Work instruction
For the copy, please give all of the data again exactly and leave the pictures out.

Available data
--- START ---

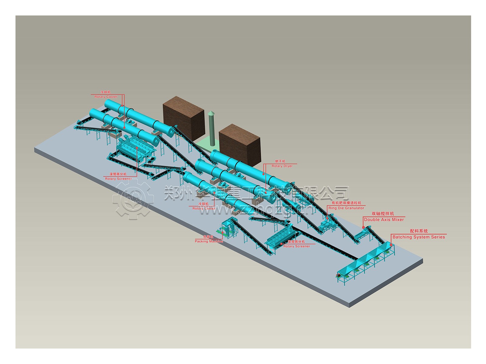 生物有機(jī)肥生產(chǎn)線用于生物肥料的生產(chǎn),以有機(jī)質(zhì)為主,纖維素多、成形條件差,并添加有造肥功能的活細(xì)菌群、生產(chǎn)過程以不宜接觸高溫等特點(diǎn)。造料方式上采用園盤造粒、擠壓和新型造粒方法,因?yàn)檫@三種工藝,要求原料的粉碎細(xì)度高,造粒水分高,一般含水量要達(dá)到30%左右,成開后顆粒含水量低,烘干的負(fù)荷很小,可以減少有效細(xì)菌的損失,粉塵小,操作環(huán)境較好。原料進(jìn)入造粒機(jī)中,加入適量的水或蒸汽、粘結(jié)成粒,造粒后物料通過皮帶機(jī)送入烘干機(jī)進(jìn)行干燥。顆粒直徑為3.0-4.0mm,成粒率大于70%。生物肥料的生產(chǎn)過程中,不僅成形后顆粒含水量一般都要超過指標(biāo),需要低溫烘干,而且有機(jī)質(zhì)原料經(jīng)發(fā)酵后,含水量約為30%~40%,成粒后顆粒水份一般在15%~20%之間,肥料質(zhì)量指標(biāo)要求含水量低于14%,需進(jìn)行烘干處理。因此干燥工段是生物肥料生產(chǎn)過程中不可缺少的重要工序,直接影響產(chǎn)量、質(zhì)量和能耗,合理選擇干燥機(jī)的型號規(guī)格,控制的工藝條件是非常重要的。在烘干機(jī)前部設(shè)有一段二次造粒區(qū),物料在此區(qū)間可實(shí)現(xiàn)二次造粒。然后經(jīng)揚(yáng)料板將物料揚(yáng)起實(shí)行充分干燥,烘干機(jī)尾部通過抽風(fēng)機(jī)經(jīng)管道將濕潤的熱空氣抽出,進(jìn)入沉降室沉降,尾氣在通過沉降后經(jīng)過洗滌塔實(shí)行噴淋降塵,噴淋水由水泵抽出循環(huán)使用,經(jīng)過二次降塵處理后,符合國家標(biāo)準(zhǔn)的尾氣經(jīng)煙囪排入大氣。
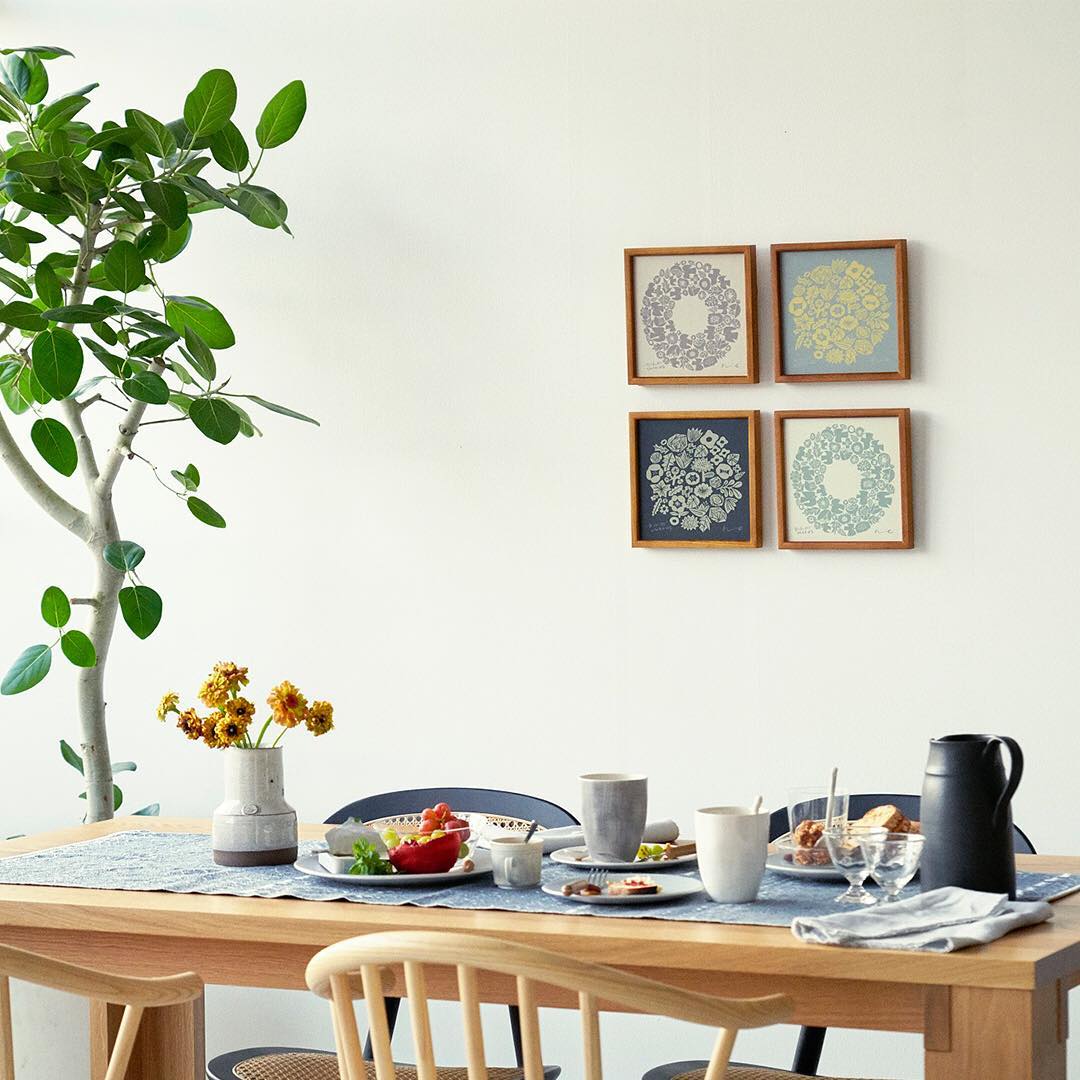 ダイニングは気軽にアートを飾れる場所。お気に入りの作品を集めたり、食にまつわるテーマで飾ったりすれば食卓での話しも弾みます。明るく楽しい食事の時間を過ごしてみませんか。
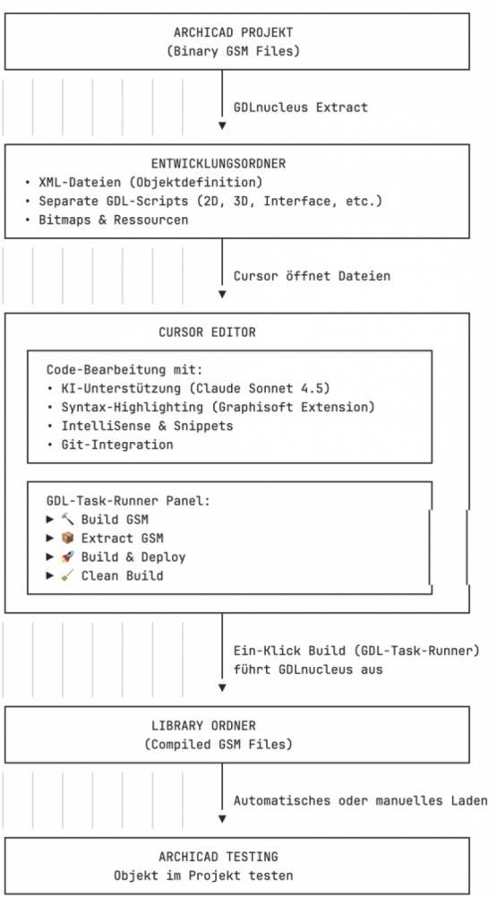 Die Entwicklung von GDL-Objekten für Archicad kann komplex und zeitaufwendig sein. Doch durch die Kombination modernster Tools und künstlicher Intelligenz entsteht eine Entwicklungsumgebung, die Produktivität, Code-Qualität und Entwicklererfahrung auf ein neues Level hebt. In diesem Artikel zeige ich Euch, wie Ihr mit Cursor, Graphisofts GDL Development Environment, GDLnucleus und dem GDL-Task-Runner von b-prisma eine perfekt abgestimmte Toolchain für die professionelle GDL-Entwicklung aufbauen könnt.
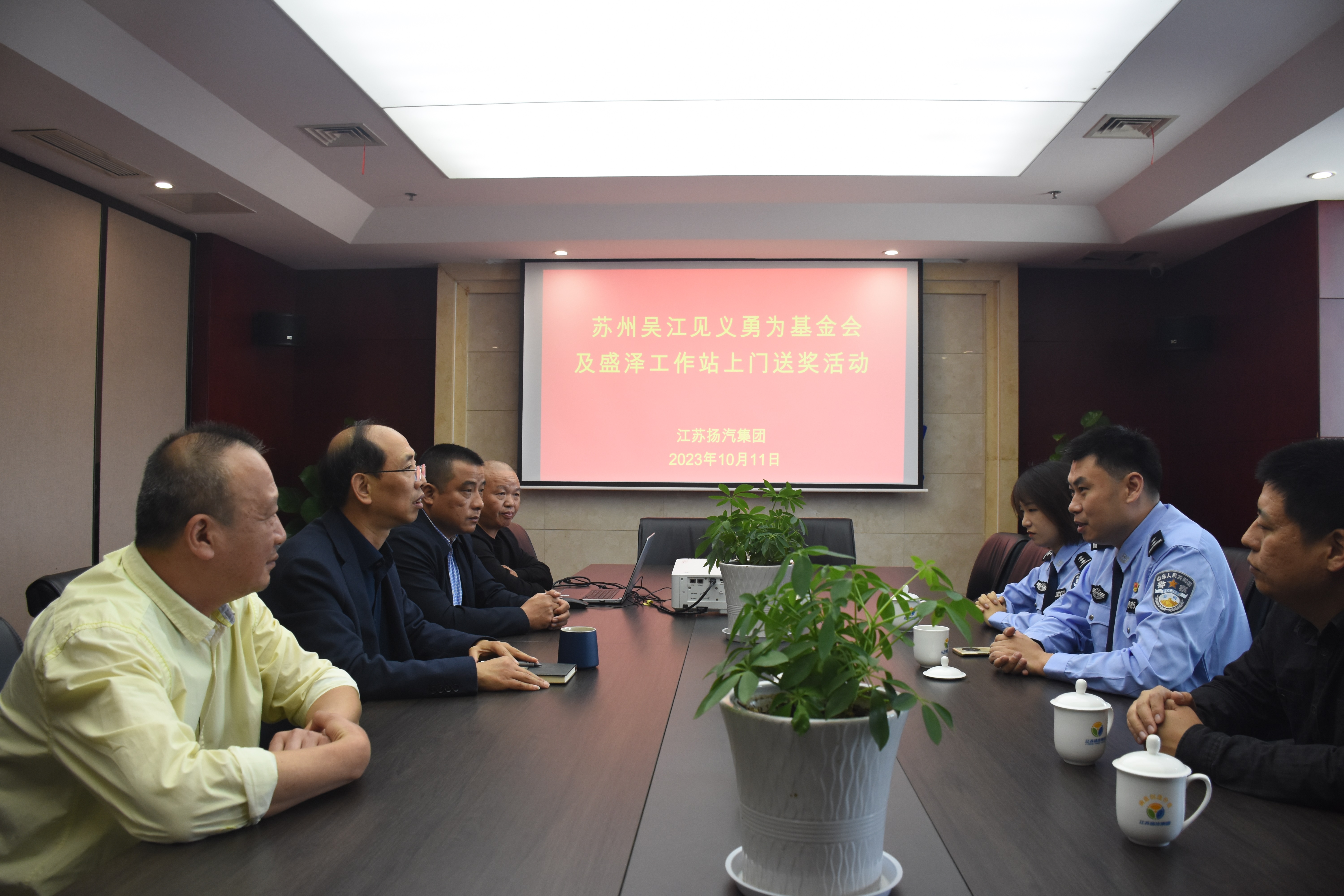 10月11日,蘇州市吳江區(qū)見義勇為基金會及盛澤工作站一行來到揚(yáng)汽集團(tuán),為勇救突發(fā)心臟病乘客的大巴車司機(jī)郭安鳳上門送獎,表彰他見義勇為的感人事跡。

--- END ---

Finished task
 生物有機(jī)肥生產(chǎn)線用于生物肥料的生產(chǎn),以有機(jī)質(zhì)為主,纖維素多、成形條件差,并添加有造肥功能的活細(xì)菌群、生產(chǎn)過程以不宜接觸高溫等特點(diǎn)。造料方式上采用園盤造粒、擠壓和新型造粒方法,因?yàn)檫@三種工藝,要求原料的粉碎細(xì)度高,造粒水分高,一般含水量要達(dá)到30%左右,成開后顆粒含水量低,烘干的負(fù)荷很小,可以減少有效細(xì)菌的損失,粉塵小,操作環(huán)境較好。原料進(jìn)入造粒機(jī)中,加入適量的水或蒸汽、粘結(jié)成粒,造粒后物料通過皮帶機(jī)送入烘干機(jī)進(jìn)行干燥。顆粒直徑為3.0-4.0mm,成粒率大于70%。生物肥料的生產(chǎn)過程中,不僅成形后顆粒含水量一般都要超過指標(biāo),需要低溫烘干,而且有機(jī)質(zhì)原料經(jīng)發(fā)酵后,含水量約為30%~40%,成粒后顆粒水份一般在15%~20%之間,肥料質(zhì)量指標(biāo)要求含水量低于14%,需進(jìn)行烘干處理。因此干燥工段是生物肥料生產(chǎn)過程中不可缺少的重要工序,直接影響產(chǎn)量、質(zhì)量和能耗,合理選擇干燥機(jī)的型號規(guī)格,控制的工藝條件是非常重要的。在烘干機(jī)前部設(shè)有一段二次造粒區(qū),物料在此區(qū)間可實(shí)現(xiàn)二次造粒。然后經(jīng)揚(yáng)料板將物料揚(yáng)起實(shí)行充分干燥,烘干機(jī)尾部通過抽風(fēng)機(jī)經(jīng)管道將濕潤的熱空氣抽出,進(jìn)入沉降室沉降,尾氣在通過沉降后經(jīng)過洗滌塔實(shí)行噴淋降塵,噴淋水由水泵抽出循環(huán)使用,經(jīng)過二次降塵處理后,符合國家標(biāo)準(zhǔn)的尾氣經(jīng)煙囪排入大氣。
 ダイニングは気軽にアートを飾れる場所。お気に入りの作品を集めたり、食にまつわるテーマで飾ったりすれば食卓での話しも弾みます。明るく楽しい食事の時間を過ごしてみませんか。
 Die Entwicklung von GDL-Objekten für Archicad kann komplex und zeitaufwendig sein. Doch durch die Kombination modernster Tools und künstlicher Intelligenz entsteht eine Entwicklungsumgebung, die Produktivität, Code-Qualität und Entwicklererfahrung auf ein neues Level hebt. In diesem Artikel zeige ich Euch, wie Ihr mit Cursor, Graphisofts GDL Development Environment, GDLnucleus und dem GDL-Task-Runner von b-prisma eine perfekt abgestimmte Toolchain für die professionelle GDL-Entwicklung aufbauen könnt.
 10月11日,蘇州市吳江區(qū)見義勇為基金會及盛澤工作站一行來到揚(yáng)汽集團(tuán),為勇救突發(fā)心臟病乘客的大巴車司機(jī)郭安鳳上門送獎,表彰他見義勇為的感人事跡。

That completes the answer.